Sudah satu tahun lebih aku menyukai Jitendra, tidak terasa akan selama itu perasaanku untuknya. Hubunganku dengan Jitendra baik-baik saja, kami saling memendam perasaan kami satu sama lain. Aku yang tahu pacaran itu dosa dan tidak boleh dekat dengan lelaki yang bukan mahram, jadi aku memutuskan untuk memendam perasaanku padanya dan sebisa mungkin aku akan menghindari dan juga menyembunyikannya.
Bel istirahat berbunyi. Sorak gembira menggema memenuhi satu sekolah. Waktu ini adalah waktu yang paling di tunggu dan di sukai anak sekolah, terutama diriku dan temanku. Setelah bel berbunyi, aku dan satu temanku, panggil saja ajeng, kami berjalan menuju kopsis untuk membeli beberapa camilan ringan.
Ciri khas Ajeng, dia selalu memakai kacamata karena dia menderita minus dan sudah sangat tinggi sehingga aku melihat bentuk lensa kacamata Ajeng sangat tebal, bahkan mataku akan pusing jika aku mencoba memakainya.
Begitu kami sampai di kopsis, situasinya cukup sepi, hanya ada 4 siswa laki-laki dan satu penjaga kopsis. Aku dan Ajeng cukup canggung saat itu, bagaimanapun setelah aku melihat wajah mereka, aku mengenalinya. Mereka adalah teman satu kelas Jitendra dan saudaraku.
Saat kami sedang memilih ice cream, tiba-tiba ibu kopsis mengatakan, "Oh ini yang pakai kacamata?" Sontak kami kebingungan apa maksud ibu kopsis. Teman Jitendra lalu menjelaskan bukan temanku yang pakai kacamata, melainkan aku. Ternyata, Alan menyukaiku. Dia adalah teman satu kelas Jitendra, dia bernama Alan. Tidak aku sadari, ternyata selama ini Alan menyukaiku. Jujur, aku lebih suka sikap seperti Alan, dia berani mengutarakan perasaannya tanpa memintaku untuk menjadi pacarnya. Aku tidak suka dengan cowok yang diam dan hanya menunjukkan kode kalau menyukaiku, lebih baik mengutarakan langsung atau melalui teman, dan mengutarakan perasaan bukan berarti mengajak untuk pacaran, hanya mengutarakan saja apa yang hatimu rasakan.

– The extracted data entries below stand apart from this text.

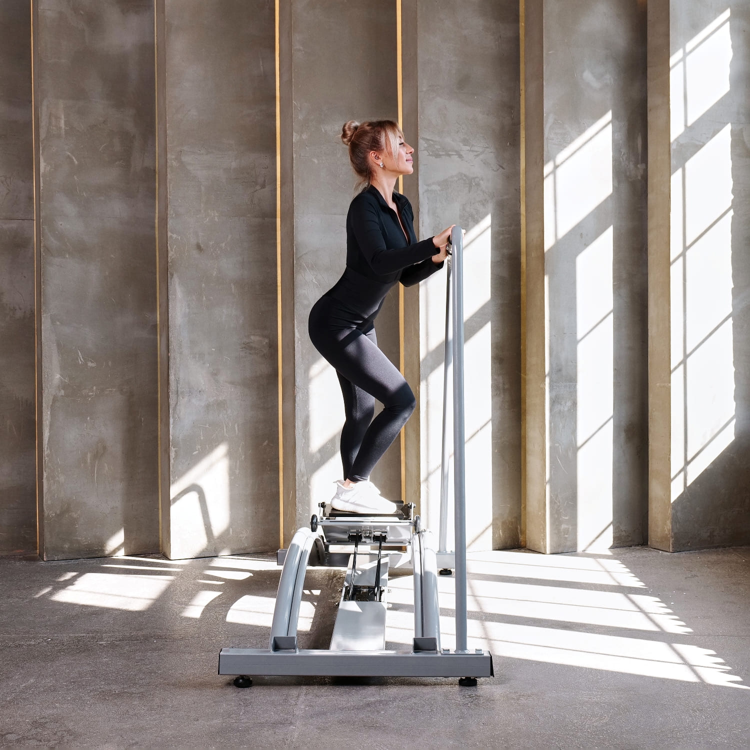 Чтобы начать заниматься на горнолыжном тренажёре, необходимо правильно настроить его под себя, учитывая свой уровень физической подготовки и цели. Нагрузка регулируется с помощью 6-ти эластичных тросов: в зависимости от количества прикреплённых тросов, меняется уровень нагрузки. Это позволяет вам адаптировать уровень интенсивности тренировки в зависимости от ваших целей и уровня физической подготовки.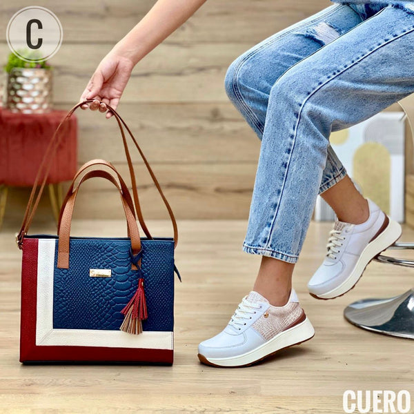 Combo versátil de cuero genuino que incluye bolso y bolic...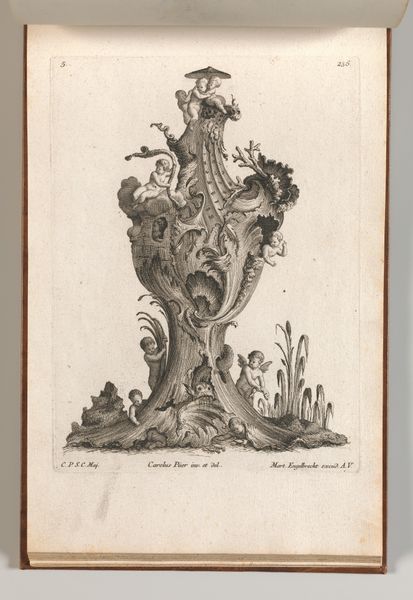 Curator: At first glance, I see exuberant, swirling forms—a real explosion of embellishment. Editor: Indeed! What you're seeing is Jacob Gottlieb Thelot's "Various Designs for Rocaille Ornaments, Plate 2 from an Untitled Series of Rocaille Ornaments for Frames," created sometime between 1745 and 1755. It's an etching and engraving, a study of rocaille ornamentation. Curator: The rocaille motif—derived from shells and rocks—feels like such a defining element of the Rococo. I’m immediately thinking about the culture of aristocratic excess it represented, the embrace of the fanciful and the artificial at the French court and across Europe. Editor: Absolutely. Beyond just mere opulence, these designs speak volumes about the era’s ambitions. Ornamentation in the Rococo was about displaying one’s sophistication. Look closely and you’ll notice how the patterns borrow organic forms from nature – stylized leaves, water droplets. These would have been laden with cultural significance, signaling power and learnedness. Curator: It’s remarkable how the Thelot translated these ornate elements to print. Each line conveys light and shadow, enhancing the three-dimensionality. One could easily imagine these elements adorning a grand salon, a mirror frame, or even furniture. How would an artist adapt these kinds of prints? Editor: I believe this plate would have served a primarily didactic function for other artists and craftsmen. Through their forms, they conveyed the sensibilities and the values of an era keen to establish aesthetic dominance. In the political landscape of 18th century, arts become weapons for displaying national prowess, reflecting aspirations, political structures, and commercial intentions. Curator: I’d agree—there's definitely an element of standardization. Now when I consider these decorative prints, I cannot help but imagine the workshops producing luxury items. This rocaille design shows not only artistry, but also reflects labor organization and market economy back then. Editor: And that brings the art to life. To look at design, to read into symbolism is really an invitation to see continuities. Curator: Yes, thinking about how tastes, political ambitions, and artistic skill coalesce, we better understand the 18th century and beyond.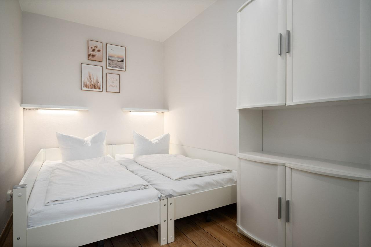 Die Wohnung Hafenkoje besticht durch einen großzügigen Esstisch direkt am Fenster, von dem aus Sie den Hafen und die Boote beobachten können. Die moderne und geschmackvolle Einrichtung sorgt für Gemütlichkeit und Wohlfühlatmosphäre. Die gut ausgestattete Küche lädt zum Kochen ein, während das moderne Badezimmer für Entspannung sorgt. Als Schlafgelegenheiten erwarten Sie ein Schrank-Doppelbett im Wohnbereich sowie zwei Einzelbetten im separaten Schlafzimmer. Genießen Sie den Blick auf den malerischen Hafen und die entspannte Atmosphäre, die diese Unterkunft zu bieten hat.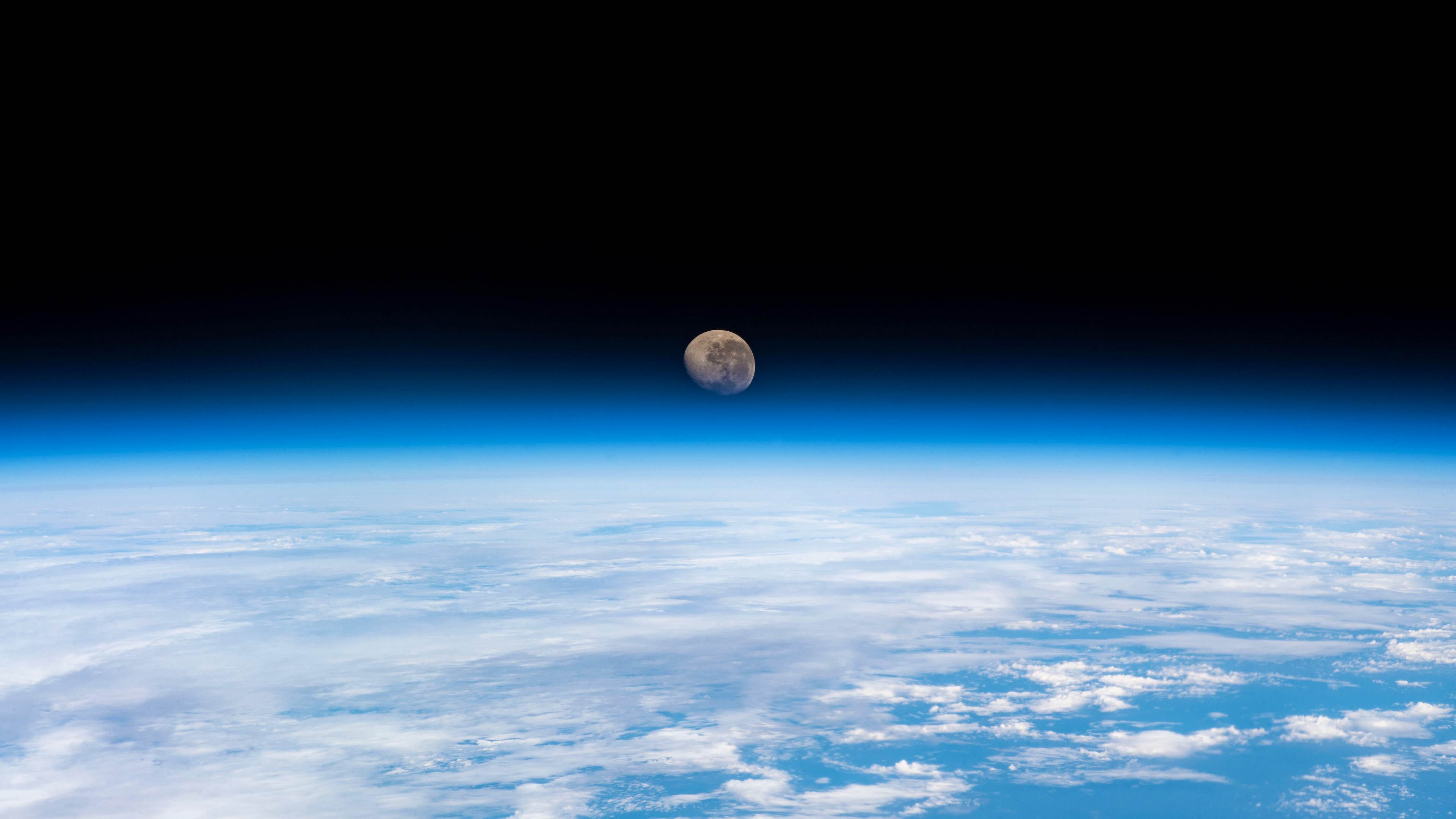 从国际空间站拍摄到的地球上方的渐亏凸月 (© NASA)

Sejak saat itu, setiap aku lewat koridor menuju kelasku, semua siswa dari kelas Jitendra dan Alan akan duduk berjajar dan berhadapan. Lalu, saat mereka melihatku mereka akan menyorakiku dengan nama Alan. Aku beberapa kali melihat Jitendra ikut duduk di situ, namun raut wajahnya tidak mengenakan. Dia juga jarang atau bahkan tidak kelihatan duduk bersama temannya di koridor itu. Saat aku berjalan di belakang Jitendra dan hampir sampai koridor itu, semua temannya langsung meneriakiku, tetapi Jitendra diam saja dan lebih memilih untuk masuk ke dalam kelas.

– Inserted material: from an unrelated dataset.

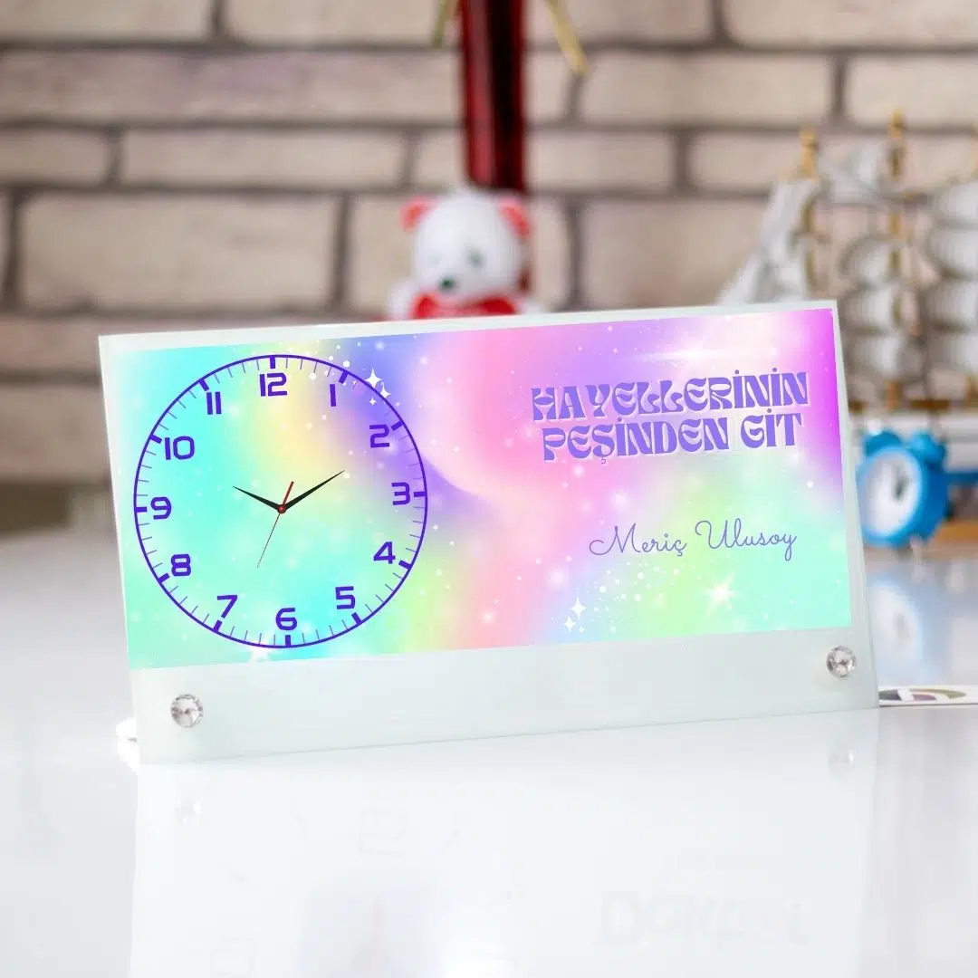 Hayallerinin Peşinden Git Temalı Kişiye Özel Cam Masa Saati – Motivasyon Sözlü Masaüstü Saat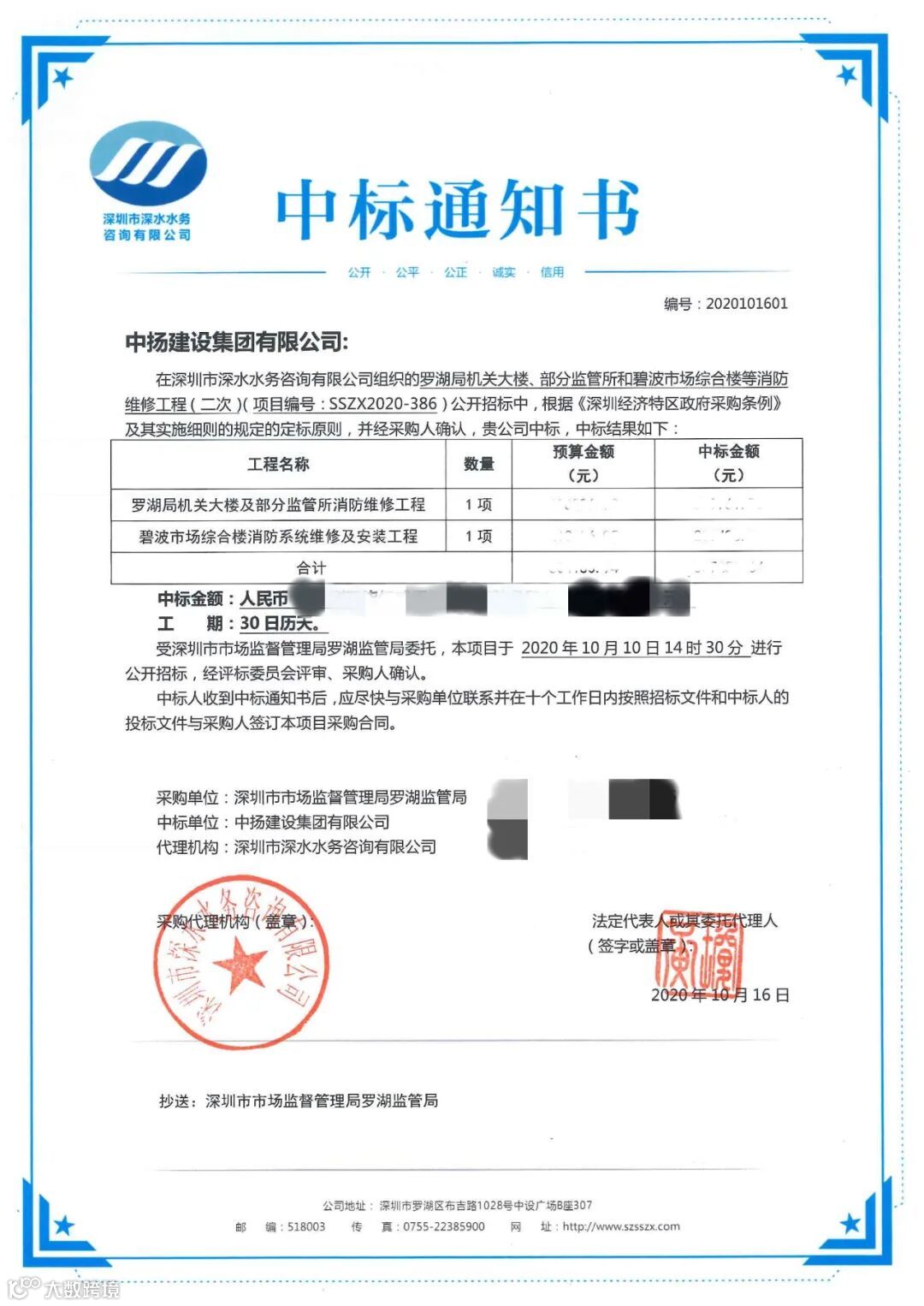 中扬建设集团 2020年10月10日,深圳市市场监督管理局罗湖监管局委托深圳市深水水务咨询有限公司就罗湖局机关大楼及部分监管所消防维修工程、碧波市场综合楼消防系统维修及安装工程两个项目进行了公开招标。

Beberapa hari juga Jitendra menunjukkan perubahan. Dia mulai sinis padaku, seperti saat melihatku, dia akan memalingkan wajahnya dan tatapan matanya sangat tajam menusuk. Lalu saat berpapasan, dia juga mempercepat langkahnya mendahuluiku. Ada apa dengan dia?

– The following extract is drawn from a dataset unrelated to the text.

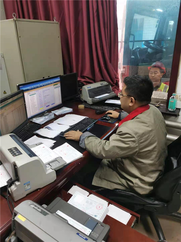 司磅员魏涵正在专心致志进行车辆称重计量打票作业,认真核对车辆信息,确保做到过磅速度快,票据准确无误。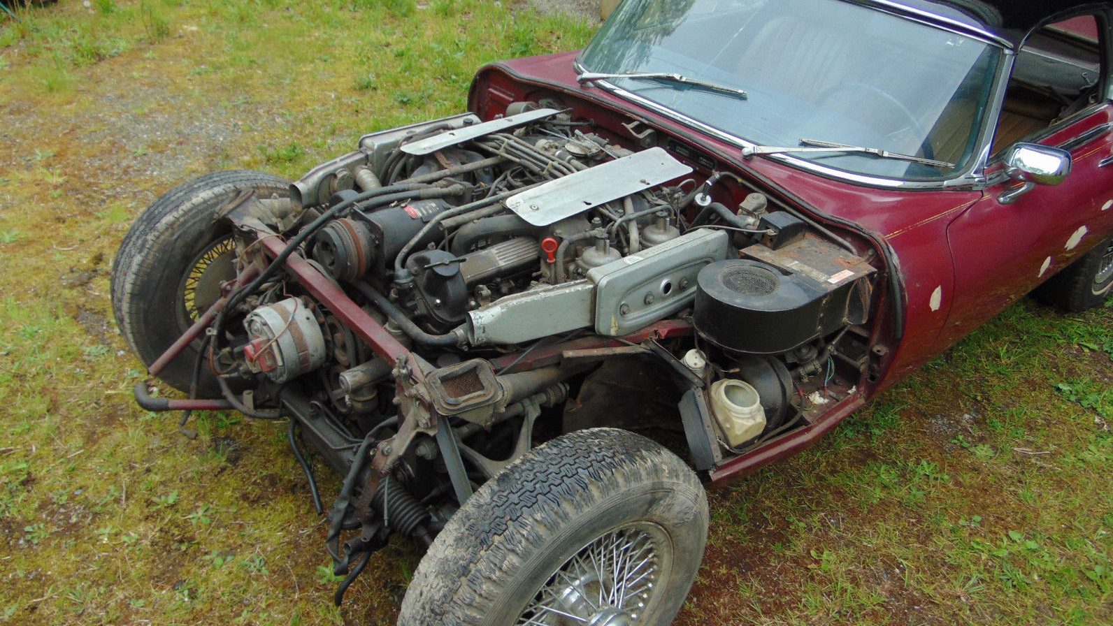 Not much is offered in terms of running condition, or why the E-Type comes with a Washington State “Auto Dismantlers” bill of sale. I’m sure an accident is what took the E-Type off the road at such a young age, but how bad was it? Was the frame affected or just the nose (hence the green hood)? I’d like to know more about the original paint codes as well, as the deep pink it currently wears doesn’t seem like a factory color but it does match in the door jambs and those oil change stickers have been there a while. The automatic’s a bummer, for sure.

Aku tidak mau ambil pusing dengan sikap Jitendra, aku juga tidak memiliki kesalahan padanya. Tepat saat ini juga kelasku di tunjuk sebagai petugas upacara dengan aku sebagai pemimpinnya. Kami berlatih setiap pulang sekolah, dan yang melatih ada satu guru olahraga dan juga kakak Paskibraka. Untuk namanya, aku tidak terlalu tahu, aku selalu memanggilnya kakak Paskibraka. Setelah berlatih beberapa hari, kami siap untuk menjadi petugas upacara. Tetapi, upacara tidak dilaksanakan lagi. Kami kecewa, padahal sudah siap, namun upacara tidak dilaksanakan.